Large-scale data-driven initiatives at Airbnb

Wed 22 May 2019

in misc

Any conversation about data work at Airbnb should probably start with Airflow. Since its open-sourcing back in 2015, this data pipeline framework has been adopted by almost 200 companies, including my former employers at iHeartRadio and my current employers at Devoted Health. slaps roof of framework This bad boy fits a hell of a lot of ETL jobs! It is also an example of the challenge of executing on data science initiatives at a massive scale.

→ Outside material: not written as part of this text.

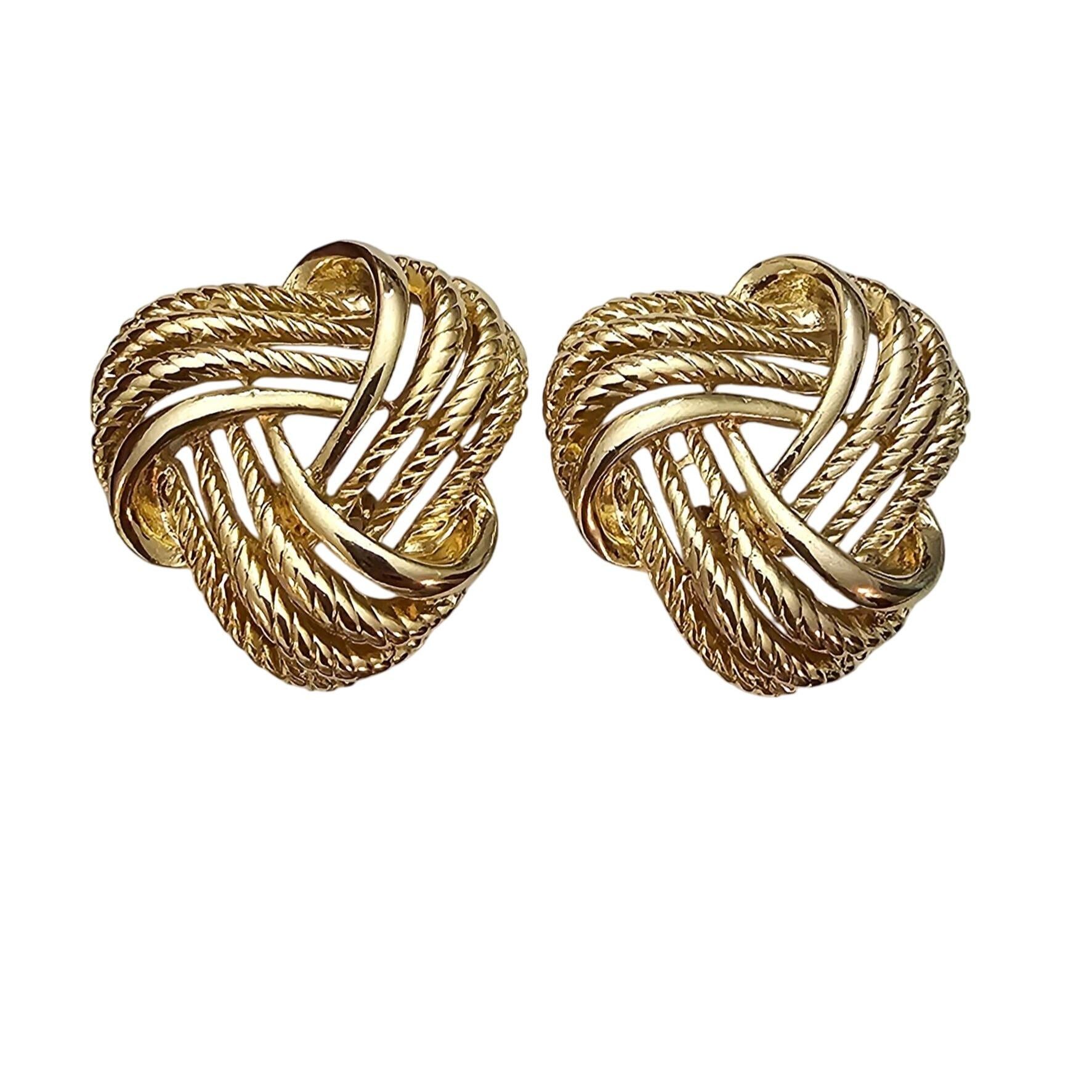 Gold Tone Rope Love Knot Clip On Earrings C804

Imagine you are asked to build a model that predicts the number of blood-testing machines your company will sell next month. This model could dramatically alter contract negotiations with your company's main client, a popular American pharmacy chain. You shape a dataset from your warehouse, train and tune a model in a Jupyter notebook, pitch it to your stakeholders, and turn it into a library covered with tests and logging (riiiiiight?). To deploy and train the model on a recurring schedule, you rely on Ansible/chef/puppet and cron. Easy!

Now scale this to hundreds of models. Not easy! But: a data pipeline framework can help.

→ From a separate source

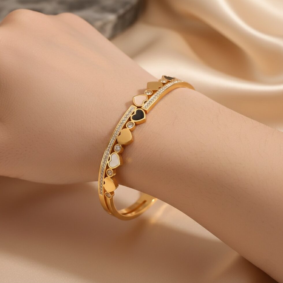 A graceful gold-tone bangle adorned with delicate heart motifs and shimmering stone accents, beautifully arranged along a softly curved band. Designed to symbolize love and elegance, this piece adds a refined romantic touch to both everyday wear and special occasions.

You can now track your models on a dashboard. You run and backfill your pipelines via this dashboard or command line tools. As your pipelines increase in complexity, you can encode dependencies and refactor common ETL operations into other jobs, saving you compute time and the stress of job scheduling.

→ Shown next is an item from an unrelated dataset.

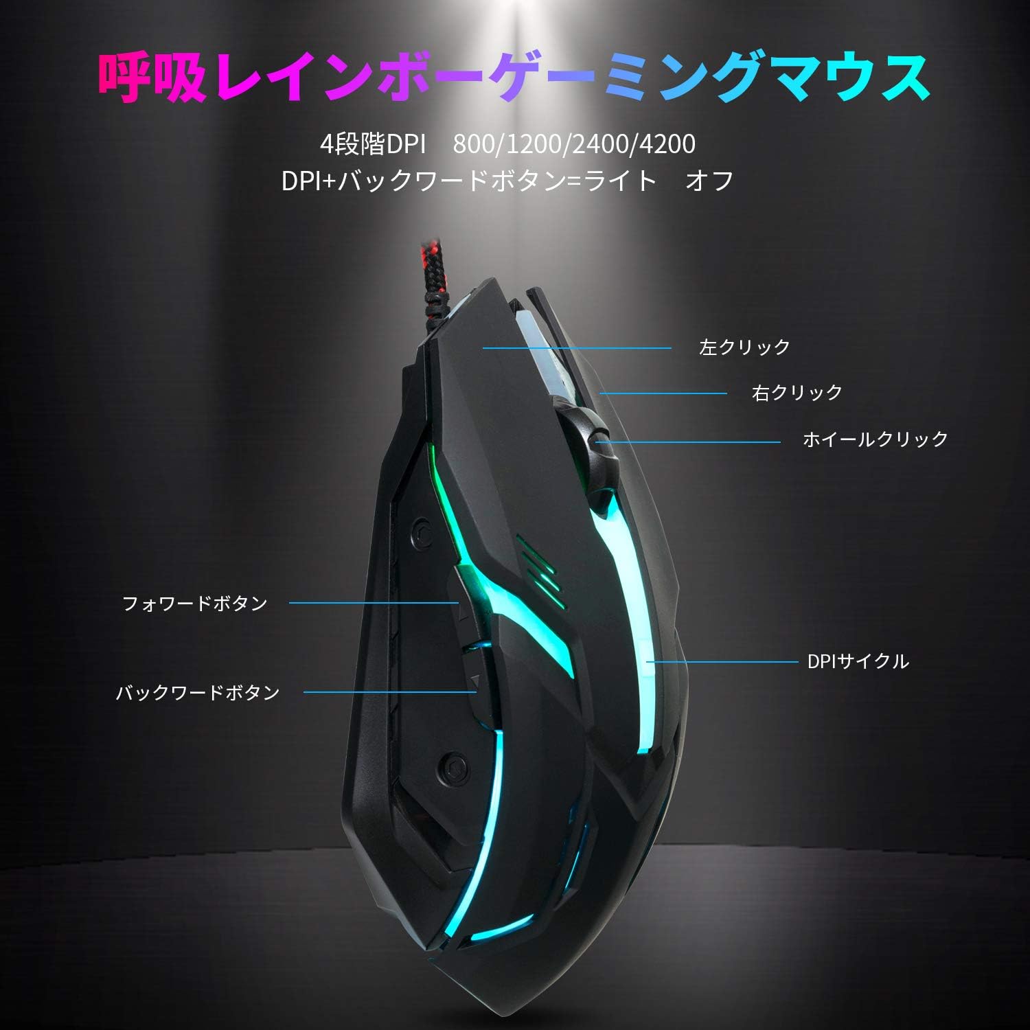 Wired Gaming Mouse—-The USB wired gaming mouse has a high-precision sensor and low-friction PTFE feet to give you precise and smooth control. Four levels of DPI (dots per inch) can be easily switched (800/1600/2400/3200). 6 buttons (2 side buttons). Long press the DPI button to switch between 7-color breathing/red light. Gaming mouse size: 5.23*2.75*1.57 inches

Building a data pipeline framework requires months of engineering time. That's a significant investment -- almost ~~100~~ ~~3.5~~ 10,000 Bitcoins! The goal of this investment, like any other, is to generate a nice return. At the scale of Airbnb's data operations - about 150 data scientists and engineers, over 18 petabytes of data on HDFS - this return is guaranteed. A properly-designed framework saves this team many hours of work operationalizing each model and ETL job. Add this up over all active data projects, and even a multi-quarter, multi-engineer effort to build a data pipeline framework yields positive returns very quickly.

Airbnb is a $30 billion company that relies on scale to develop an insurmountable advantage over their competitors in the travel business. Ben Thompson summarizes this nicely when outlining aggregation theory on Stratechery, his excellent newsletter and website:

Airbnb and the sharing economy have commoditized trust, enabling a new business model based on aggregating resources and managing the customer relationship [...] Airbnb is integrating property management and customer management, enabling it to scale worldwide.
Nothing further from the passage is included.